Hiraoka A, Teshima H, Mitsui H, Ohsuga Y, Nakagawa M, Nakamura H, Shibata H, Masaoka T, Ishigami S
Fifth Department of Internal Medicine, Center for Adult Diseases, Osaka, Japan.
Bone Marrow Transplant. 1989 Jul;4(4):449-51.
A patient with acute myeloid leukemia (M4) in the first complete remission received a bone marrow transplantation (BMT) from an HLA-compatible sibling. Sustained engraftment was achieved, but she developed colicky pain at the back and lower quadrant of both sides on days 19-21 post-BMT, followed by hemorrhagic cystitis 13 days later. Ultrasonogram, intravenous pyelogram and computed tomogram of the abdomen showed hydronephrosis and ureteric obstruction of both sides. There was no stone in the urinary tract or abnormality of the bladder. The cortex of the right kidney was rather hypertrophic in spite of the persistent presence of hydronephrosis. Viral culture of urine and electron microscopic examination of urine sediments revealed the presence of adenovirus type II. Infection of the urinary tract with adenovirus type II may have been the underlying cause of the hemorrhagic cystitis and possibly also of the otherwise unexplained ureteric obstruction.
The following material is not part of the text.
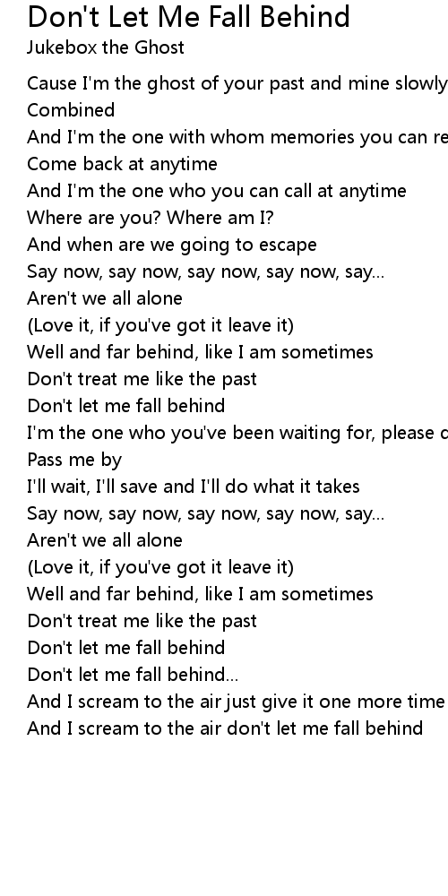 Don't let me fall behind |

一名处于首次完全缓解期的急性髓系白血病(M4)患者接受了来自HLA相合同胞的骨髓移植(BMT)。移植成功实现了持续植入,但在BMT后第19 - 21天,她出现了双侧背部和下腹部的绞痛,13天后继而出现出血性膀胱炎。腹部超声、静脉肾盂造影和计算机断层扫描显示双侧肾积水和输尿管梗阻。尿路中没有结石,膀胱也无异常。尽管持续存在肾积水,但右肾皮质相当肥厚。尿液病毒培养和尿沉渣电子显微镜检查发现了Ⅱ型腺病毒。Ⅱ型腺病毒感染尿路可能是出血性膀胱炎的潜在原因,也可能是导致不明原因输尿管梗阻的原因。